§ Assignment
Apart from the pictures, which must be omitted, restate the data exactly.

§ Dataset records
◆ ◆ ◆ ◆

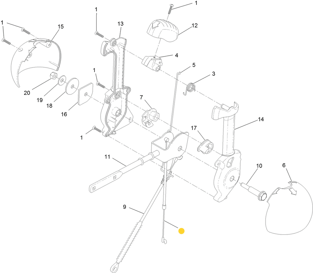 - NOTES & DETAILS: Toro OEM 105-9989 IS COMMINLY USED - 105-9989 Cable Ends - 105-9989 Chute Release Cable Attaches to the Chute Release Cable's QuickStick or Latch Lever 105-9988 that is Assembled inside the Handle or Quickstick assembly. The Lower End of the Chute Release Cable (With the Hook or Shoe) Attaches to the Quickstick Chute Latch 106-4476 (Latch is Responsible from Disabling the Discharge Chute to Rotation). - 105-9989 The Cable Itself - 105-9989 Chute Release Cable is Routed from the Chute Control Lever or Quistick Assembly Across the Discharge Chute Rod 106-7283 and Fastened to the Chute Control Rod with the Factory Installed Cable Clamp By Using the Bolt Whole on the Chute Control Rod and Carriage Bolt 3229-30 and Nylon Lock Nut 3296-73 - Next the Cable Continues Its Route Directly to and Insert Into the Cable Anchor on the Chute Gear Mount 106-7257 and Retained Using the Anchor Screw Washer Assembly 46-6810. - 105-9989 Deflector Cable Assembly - Enables the Operator to Push on the Blue Lever/Button on the Control Handle or Quick stick, By Pushing the Button/Lever the Cable Pulls the Toothed Latch Away from the Discharge Chute Gear Allowing the Discharge Chute to Rotate Left to Right as the Operator Rotate the Quickstick Left to Right. Click on the Associated Part Numbers to Be Redirected.
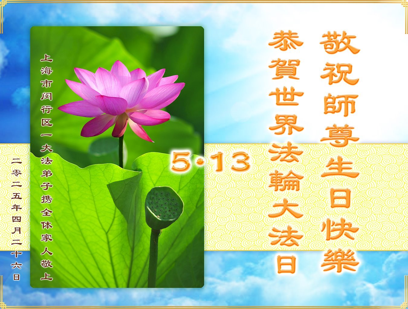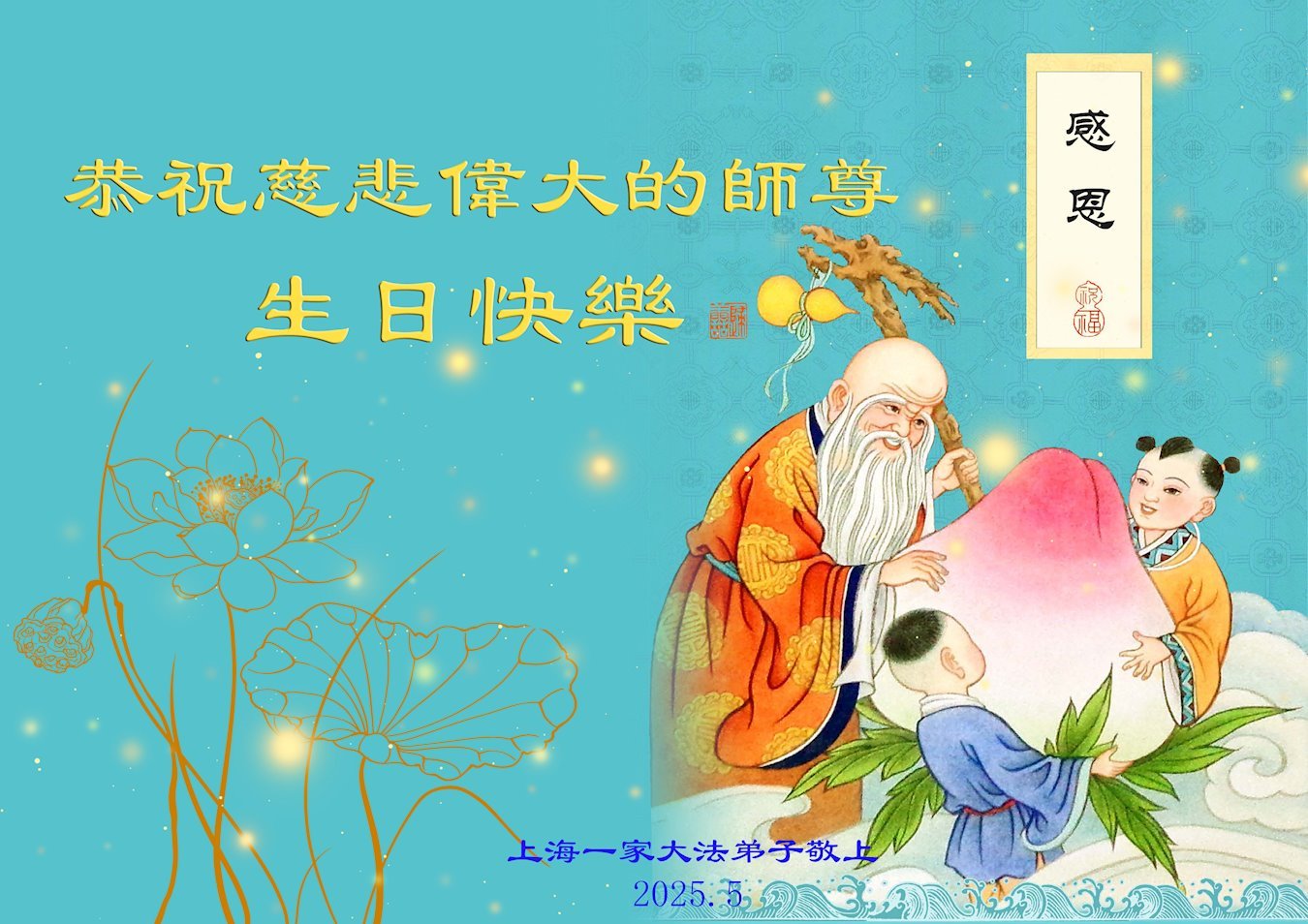 敬祝慈悲伟大的师尊生日快乐!同贺5.13世界法轮大法日! 师尊辛苦了!师尊大慈大悲救度弟子,保护弟子家人!弟子感谢师恩! 上海市闵行区一大法弟子携全体家人敬上 2025年4月26日 上海一家大法弟子恭贺世界法轮大法日暨慈悲伟大的师父生日快乐!
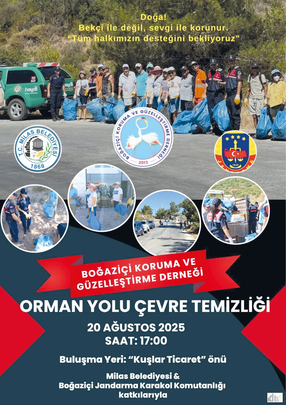 Boğaziçi Koruma ve Güzelleştirme Derneği, “Doğa! Bekçi ile değil, sevgi ile korunur” sloganıyla 20 Ağustos Çarşamba günü çevre temizlik etkinliği düzenliyor. Etkinlik, Milas Belediyesi ve Jandarma iş birliğiyle gerçekleştirilecek.
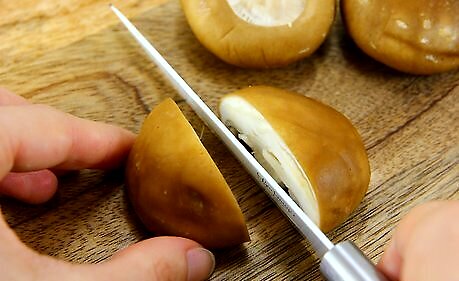 Preheat the oven and cut the vegetables. Turn the oven on to 400 degrees F (200 degrees C). Get out 1 large yellow onion and cut it into four pieces. Cut 6 large mushrooms and 2 roma tomatoes in half. You'll also need to roughly chop 1 medium carrot. You can also chop and use leek greens, celery, or seeded red pepper.
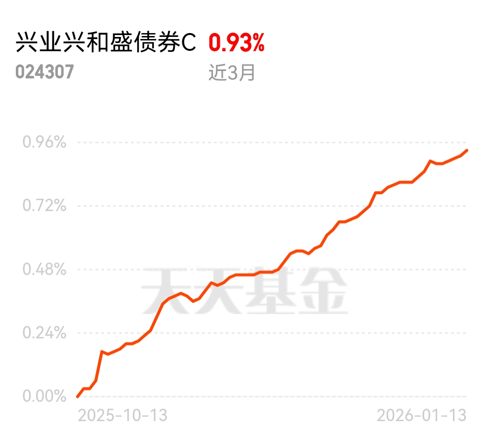 现在纯债基金表现突出,超九成产品都在涨,避险资金都往稳的地方跑。兴业兴和盛债券 C 近 3 月 93 个蛋,今天又稳稳收 2 个蛋,每天都有小收益进账,持有起来踏实又安心。
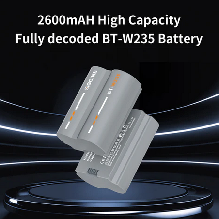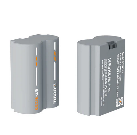 ZGCINE BT-W235 je plne dekódovaná náhradná batéria s kapacitou 2400 mAh (7,4 V) od iného výrobcu pre fotoaparáty Fujifilm, ktorá zodpovedá originálnej batérii NP-W235 veľkosťou a výkonom – bez varovaní, plná komunikácia s fotoaparátom – a zároveň ponúka rýchle nabíjanie (plné nabitie za ~2 hodiny s nabíjačkami ZGCINE…
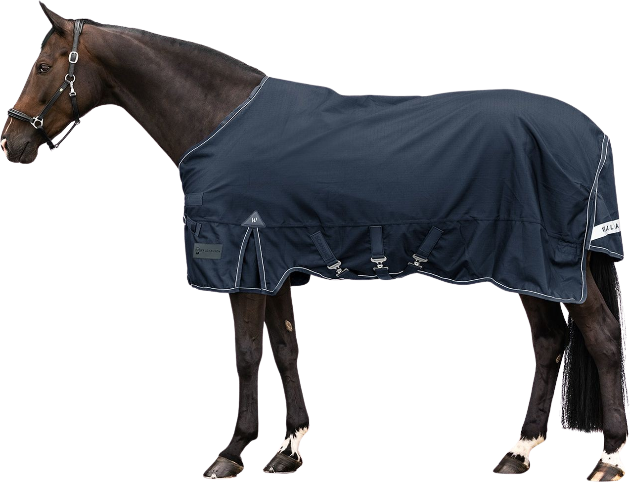 La coupe est soigneusement étudiée : la fermeture frontale pratique en V garantit un maintien stable et, associée aux trois sursangles ventrales, empêche les glissements gênants. Une grande fente d’aisance assure en permanence une liberté de mouvement optimale. Pour encore plus de flexibilité en hiver, la couverture est équipée de boucles de fixation permettant d’ajouter à tout moment un couvre-cou disponible séparément. Elle dispose également d’un rabat de queue extra-large, tandis que le liseré réfléchissant assure une excellente visibilité au crépuscule.
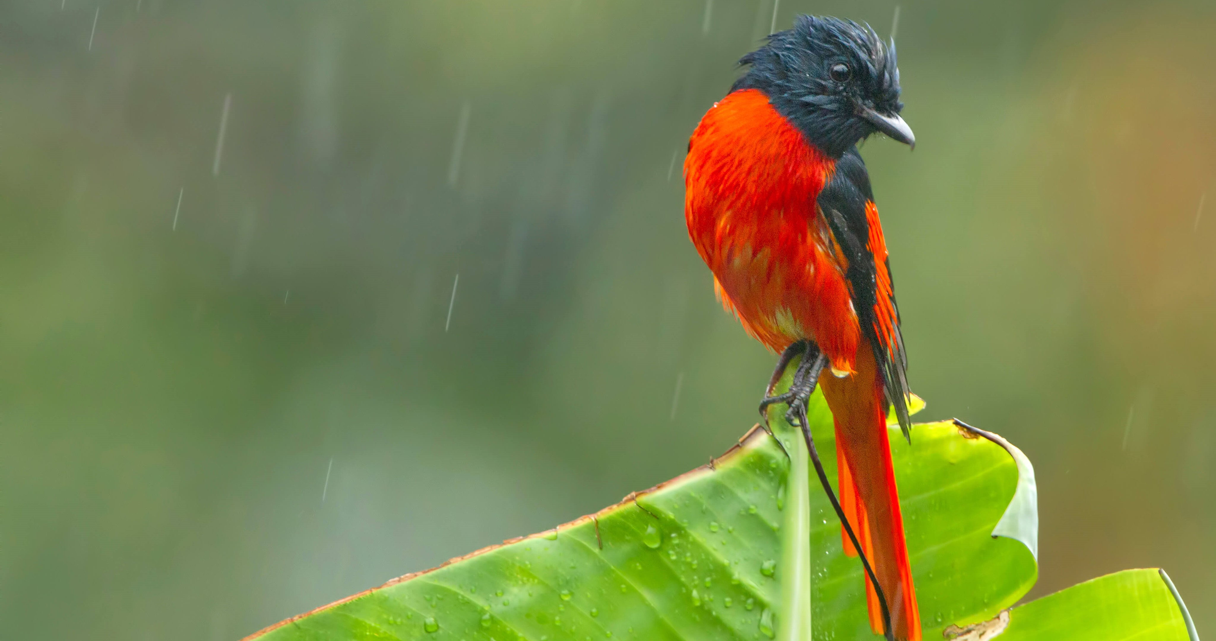 A scarlet Minivet during rainfall, West Bengal (© Debapratim Saha/Minden Pictures)
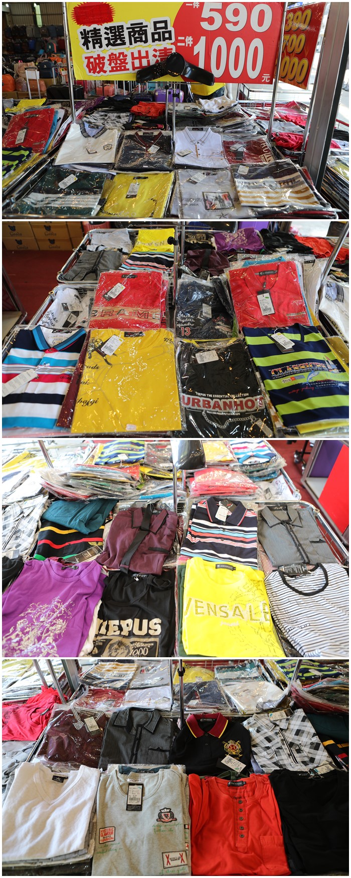| 超划算的價格真的不推不行,三件1000真的很值得來挖寶撿便宜,這一區大部分都是T桖為主。 |
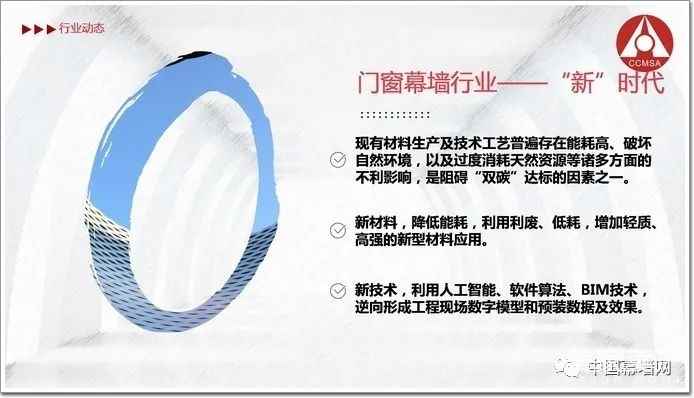 门窗幕墙行业在“双碳目标”下,即将跨入新时代!现有的门窗幕墙材料,大部分以金属、玻璃和天然石材为主,这些材料的生产普遍存在能耗高、破坏自然环境,以及过度消耗天然资源等诸多方面的不利影响,是阻碍“双碳”达标的因素之一。
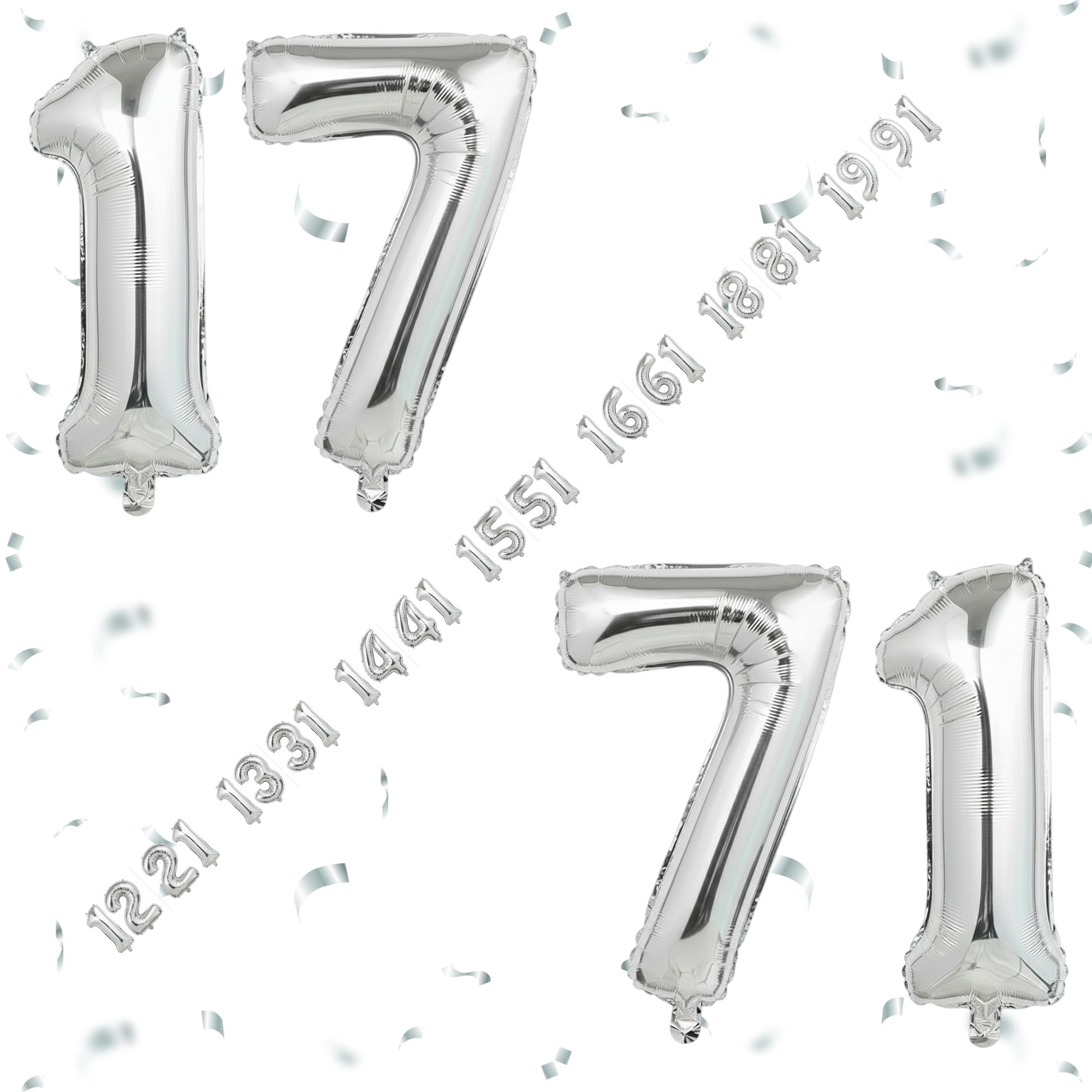 32 Inch Big Sliver Large Number 17 71 Mylar Foil Balloon For Helium & Air Filled Premium Self Seal B
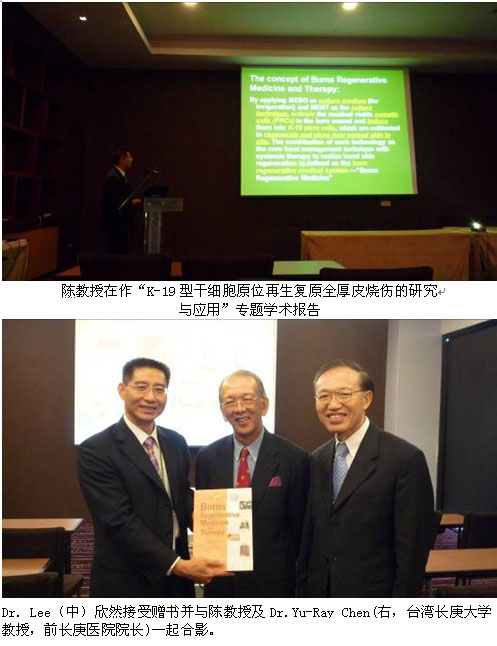 Dr. Lee在聽完陳教授的報告后激動的說:“我們新加坡總醫(yī)院20年前完成了國際上第個MEBO的臨床實驗,當時的100多例在臨床上取得了與其它方法一樣滿意的效果,我們當時知道美寶會有神奇的效果,但不知道其原因是什么,現(xiàn)在聽了你的報告,這是干細胞原位再生的結果!這是很令人振奮的!我對你們K19的實驗很感興趣,如果除了免疫熒光外,還有其它的實驗數(shù)據(jù)就更好了,希望美寶發(fā)展的更好!”他在會后欣然接受了陳教授所贈徐榮祥教授的專著Burns Regenerative Medicine and Therapy. 并表示希望能與美寶有更好地合作,也請美寶團隊轉達對徐榮祥教授的誠摯問候!
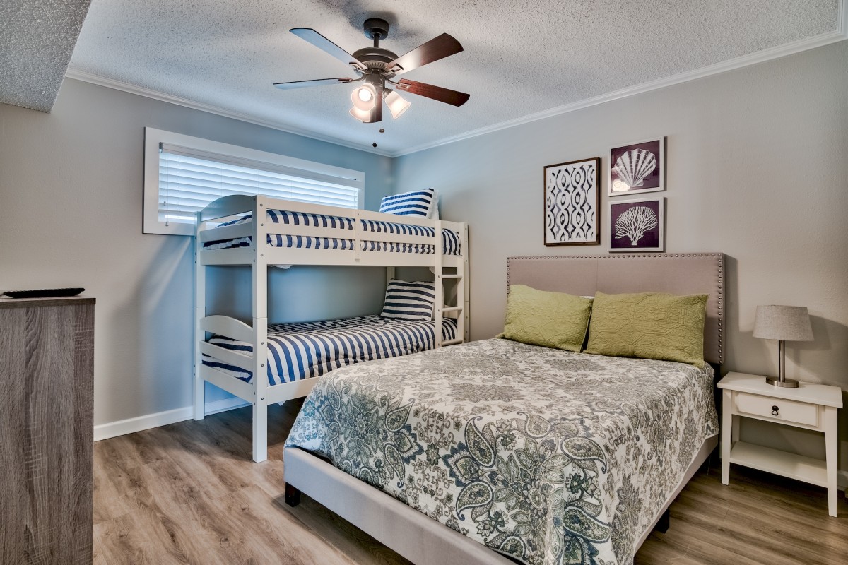 Bedrooms: Master Bedroom: The master bedroom offers a King-sized bed with a coastal theme, a private bathroom featuring granite countertops, and a walk-in shower. Guest Bedroom: Thoughtfully & Uniquely designed with a full-size bed and a bunk bed.
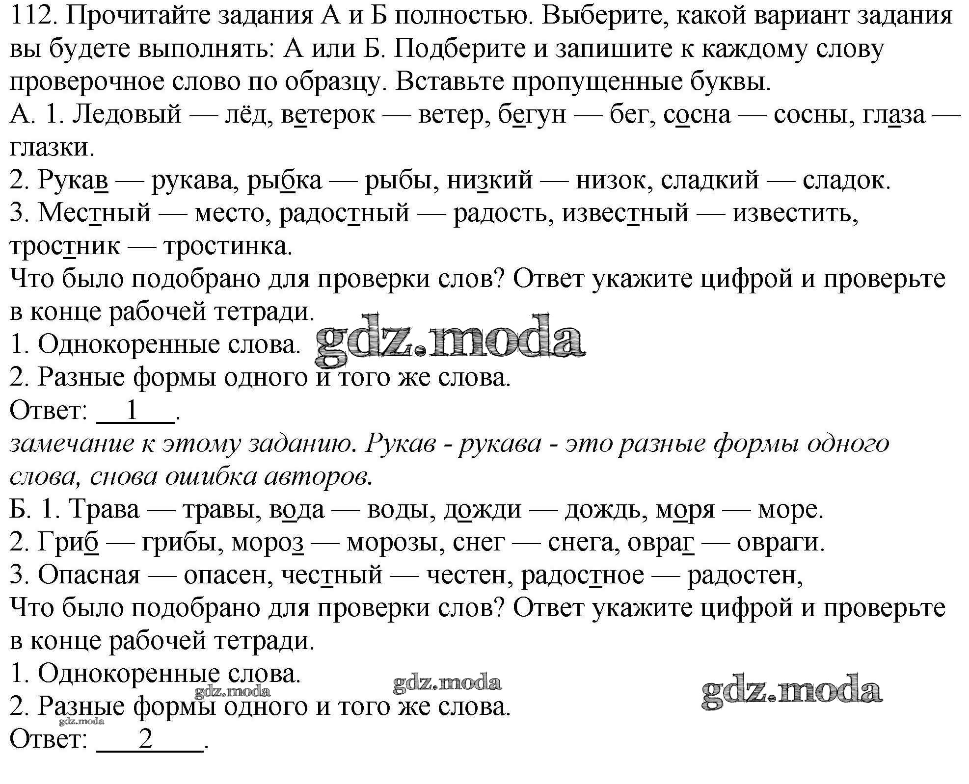ОТВЕТ на задание № 112 Рабочая тетрадь по Русскому языку 4 класс Климанова Перспектива

◆ ◆ ◆ ◆

§ Solution
 - NOTES & DETAILS: Toro OEM 105-9989 IS COMMINLY USED - 105-9989 Cable Ends - 105-9989 Chute Release Cable Attaches to the Chute Release Cable's QuickStick or Latch Lever 105-9988 that is Assembled inside the Handle or Quickstick assembly. The Lower End of the Chute Release Cable (With the Hook or Shoe) Attaches to the Quickstick Chute Latch 106-4476 (Latch is Responsible from Disabling the Discharge Chute to Rotation). - 105-9989 The Cable Itself - 105-9989 Chute Release Cable is Routed from the Chute Control Lever or Quistick Assembly Across the Discharge Chute Rod 106-7283 and Fastened to the Chute Control Rod with the Factory Installed Cable Clamp By Using the Bolt Whole on the Chute Control Rod and Carriage Bolt 3229-30 and Nylon Lock Nut 3296-73 - Next the Cable Continues Its Route Directly to and Insert Into the Cable Anchor on the Chute Gear Mount 106-7257 and Retained Using the Anchor Screw Washer Assembly 46-6810. - 105-9989 Deflector Cable Assembly - Enables the Operator to Push on the Blue Lever/Button on the Control Handle or Quick stick, By Pushing the Button/Lever the Cable Pulls the Toothed Latch Away from the Discharge Chute Gear Allowing the Discharge Chute to Rotate Left to Right as the Operator Rotate the Quickstick Left to Right. Click on the Associated Part Numbers to Be Redirected.
 敬祝慈悲伟大的师尊生日快乐!同贺5.13世界法轮大法日! 师尊辛苦了!师尊大慈大悲救度弟子,保护弟子家人!弟子感谢师恩! 上海市闵行区一大法弟子携全体家人敬上 2025年4月26日 上海一家大法弟子恭贺世界法轮大法日暨慈悲伟大的师父生日快乐!
 Boğaziçi Koruma ve Güzelleştirme Derneği, “Doğa! Bekçi ile değil, sevgi ile korunur” sloganıyla 20 Ağustos Çarşamba günü çevre temizlik etkinliği düzenliyor. Etkinlik, Milas Belediyesi ve Jandarma iş birliğiyle gerçekleştirilecek.
 Preheat the oven and cut the vegetables. Turn the oven on to 400 degrees F (200 degrees C). Get out 1 large yellow onion and cut it into four pieces. Cut 6 large mushrooms and 2 roma tomatoes in half. You'll also need to roughly chop 1 medium carrot. You can also chop and use leek greens, celery, or seeded red pepper.
 现在纯债基金表现突出,超九成产品都在涨,避险资金都往稳的地方跑。兴业兴和盛债券 C 近 3 月 93 个蛋,今天又稳稳收 2 个蛋,每天都有小收益进账,持有起来踏实又安心。
 ZGCINE BT-W235 je plne dekódovaná náhradná batéria s kapacitou 2400 mAh (7,4 V) od iného výrobcu pre fotoaparáty Fujifilm, ktorá zodpovedá originálnej batérii NP-W235 veľkosťou a výkonom – bez varovaní, plná komunikácia s fotoaparátom – a zároveň ponúka rýchle nabíjanie (plné nabitie za ~2 hodiny s nabíjačkami ZGCINE…
 La coupe est soigneusement étudiée : la fermeture frontale pratique en V garantit un maintien stable et, associée aux trois sursangles ventrales, empêche les glissements gênants. Une grande fente d’aisance assure en permanence une liberté de mouvement optimale. Pour encore plus de flexibilité en hiver, la couverture est équipée de boucles de fixation permettant d’ajouter à tout moment un couvre-cou disponible séparément. Elle dispose également d’un rabat de queue extra-large, tandis que le liseré réfléchissant assure une excellente visibilité au crépuscule.
 A scarlet Minivet during rainfall, West Bengal (© Debapratim Saha/Minden Pictures)
| 超划算的價格真的不推不行,三件1000真的很值得來挖寶撿便宜,這一區大部分都是T桖為主。 |
 门窗幕墙行业在“双碳目标”下,即将跨入新时代!现有的门窗幕墙材料,大部分以金属、玻璃和天然石材为主,这些材料的生产普遍存在能耗高、破坏自然环境,以及过度消耗天然资源等诸多方面的不利影响,是阻碍“双碳”达标的因素之一。
 32 Inch Big Sliver Large Number 17 71 Mylar Foil Balloon For Helium & Air Filled Premium Self Seal B
 Dr. Lee在聽完陳教授的報告后激動的說:“我們新加坡總醫(yī)院20年前完成了國際上第個MEBO的臨床實驗,當時的100多例在臨床上取得了與其它方法一樣滿意的效果,我們當時知道美寶會有神奇的效果,但不知道其原因是什么,現(xiàn)在聽了你的報告,這是干細胞原位再生的結果!這是很令人振奮的!我對你們K19的實驗很感興趣,如果除了免疫熒光外,還有其它的實驗數(shù)據(jù)就更好了,希望美寶發(fā)展的更好!”他在會后欣然接受了陳教授所贈徐榮祥教授的專著Burns Regenerative Medicine and Therapy. 并表示希望能與美寶有更好地合作,也請美寶團隊轉達對徐榮祥教授的誠摯問候!
 Bedrooms: Master Bedroom: The master bedroom offers a King-sized bed with a coastal theme, a private bathroom featuring granite countertops, and a walk-in shower. Guest Bedroom: Thoughtfully & Uniquely designed with a full-size bed and a bunk bed.
ОТВЕТ на задание № 112 Рабочая тетрадь по Русскому языку 4 класс Климанова Перспектива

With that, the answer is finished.